(Extracted data entries)
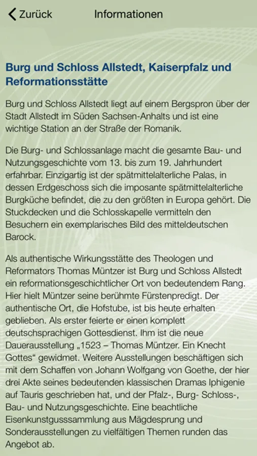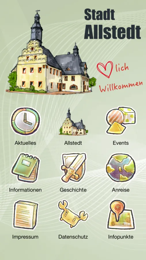 Die Stadt Allstedt mit Ihren Ortsteilen ist reich an Geschichte, Kulturdenkmälern, touristischer Kleinoden in einer vielfältigen landschaftlich Interessanten und sehr waldreichen Gegend, eingebettet in die Goldenen Aue, den Ausläufern des Südharzes und der Querfurter Platte. Nachweise der Besiedlung gehen bis in die Jungsteinzeit (4000-2000 v.u.Z.) zurück. Als Kaiserpfalz erlebte die Stadt Allstedt im 9. Jhdt. bis 13. Jhdt. einen hohen Stellenwert im Deutschen Reich mit zahlreichen Beurkundungen. In der Reformationszeit war Allstedt die Hochburg des Reformators Müntzer. Noch vor Luther hielt er die Messe in deutscher Sprache und lockte tausende Bauern und Bergknappen nach Allstedt.
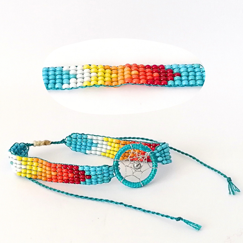 Poartă o poveste la încheietura mâinii. Această brățară cu dream catcher este rezultatul muncii migăloase și al sufletului pus în fiecare nod de către creatorii săi din Otavalo, un sat montan din Ecuador cunoscut pentru moștenirea sa culturală și abilitățile în arta decorativă cu mărgele.
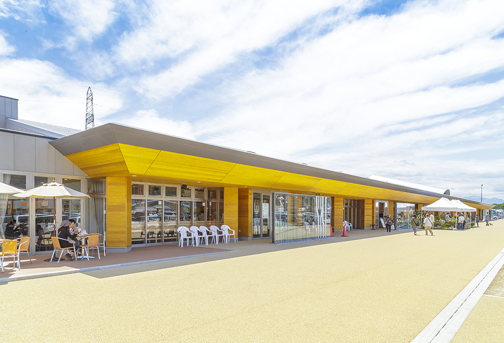 国見生まれのオリジナル商品・一般食材、新鮮地元産の野菜・くだもの、6次化商品が並ぶ直売所。福島県の名産・お土産品も取り揃えました。宿泊施設やドッグランもあります。
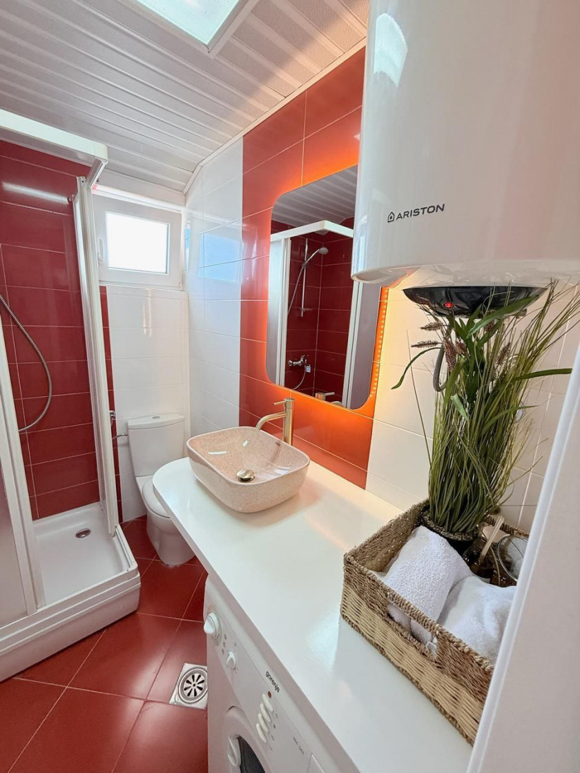 Unatoč maloj veličini – 26 m² – raspored je vrlo praktičan. Stan se sastoji od dnevnog boravka, spavaće sobe i kupaonice. Terasa ima pogled na more. Novi namještaj i uređaji.
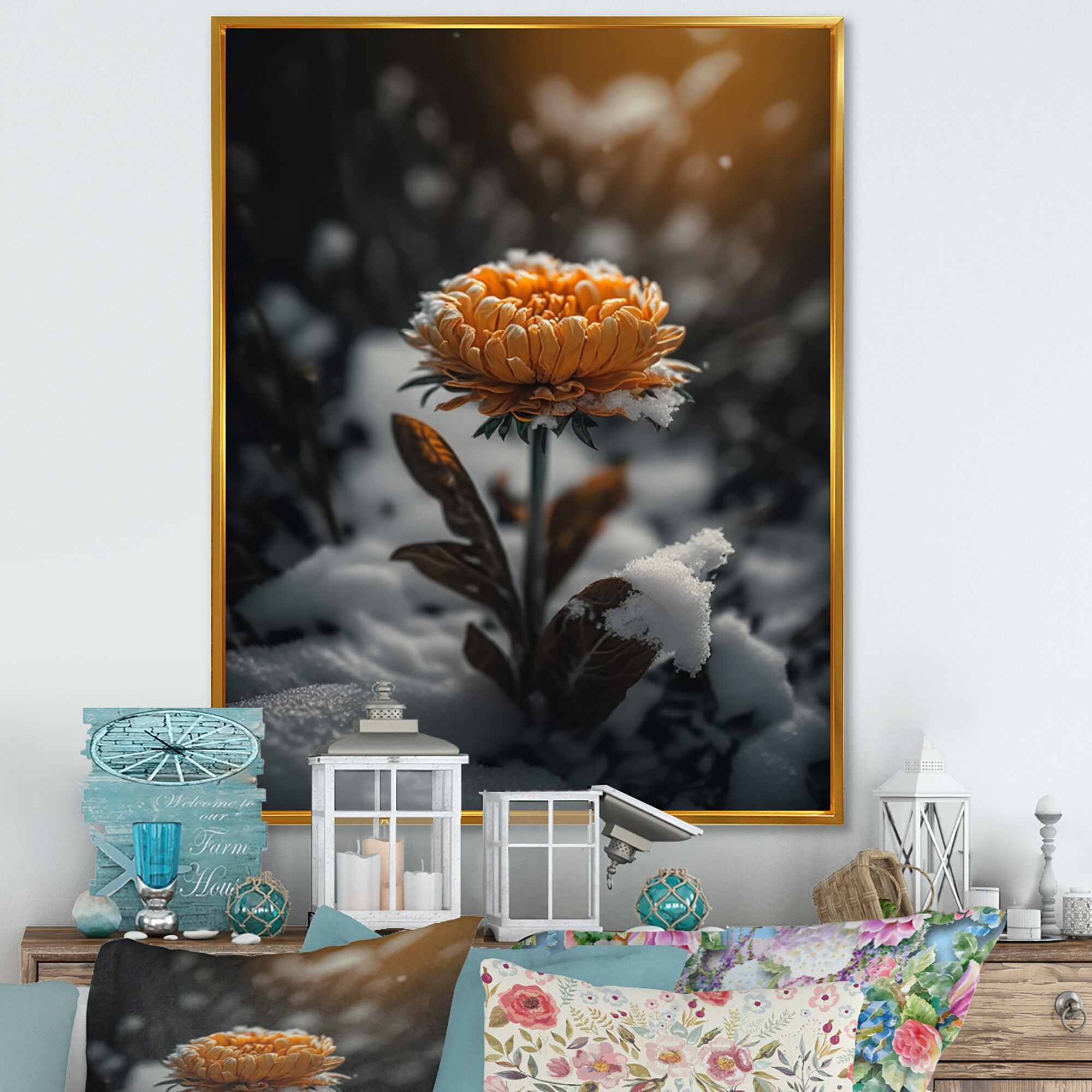 Designart "A Blooming Orange Marigold Flower in Winter III" Floral & Botanical Framed Canvas Art Print
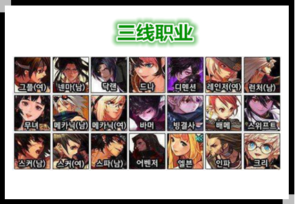 一线职业之中出现了不少拥有辅助能力的职业,气功、鬼泣、帕拉丁。三个超强型的辅助,而且自身也有不错的输出能力。可以帮助团队更好的攻坚魔兽,黑骑、女枪炮、女街霸、驱魔、忍者、修罗、暗帝、团长、特工。都是因为自身持续输出能力过关。并且具有不错的团队效果。

● Task brief
Where an entry holds a picture, leave the picture out and output the rest exactly.

● Written reply
 Die Stadt Allstedt mit Ihren Ortsteilen ist reich an Geschichte, Kulturdenkmälern, touristischer Kleinoden in einer vielfältigen landschaftlich Interessanten und sehr waldreichen Gegend, eingebettet in die Goldenen Aue, den Ausläufern des Südharzes und der Querfurter Platte. Nachweise der Besiedlung gehen bis in die Jungsteinzeit (4000-2000 v.u.Z.) zurück. Als Kaiserpfalz erlebte die Stadt Allstedt im 9. Jhdt. bis 13. Jhdt. einen hohen Stellenwert im Deutschen Reich mit zahlreichen Beurkundungen. In der Reformationszeit war Allstedt die Hochburg des Reformators Müntzer. Noch vor Luther hielt er die Messe in deutscher Sprache und lockte tausende Bauern und Bergknappen nach Allstedt.
 Poartă o poveste la încheietura mâinii. Această brățară cu dream catcher este rezultatul muncii migăloase și al sufletului pus în fiecare nod de către creatorii săi din Otavalo, un sat montan din Ecuador cunoscut pentru moștenirea sa culturală și abilitățile în arta decorativă cu mărgele.
 国見生まれのオリジナル商品・一般食材、新鮮地元産の野菜・くだもの、6次化商品が並ぶ直売所。福島県の名産・お土産品も取り揃えました。宿泊施設やドッグランもあります。
 Unatoč maloj veličini – 26 m² – raspored je vrlo praktičan. Stan se sastoji od dnevnog boravka, spavaće sobe i kupaonice. Terasa ima pogled na more. Novi namještaj i uređaji.
 Designart "A Blooming Orange Marigold Flower in Winter III" Floral & Botanical Framed Canvas Art Print
 一线职业之中出现了不少拥有辅助能力的职业,气功、鬼泣、帕拉丁。三个超强型的辅助,而且自身也有不错的输出能力。可以帮助团队更好的攻坚魔兽,黑骑、女枪炮、女街霸、驱魔、忍者、修罗、暗帝、团长、特工。都是因为自身持续输出能力过关。并且具有不错的团队效果。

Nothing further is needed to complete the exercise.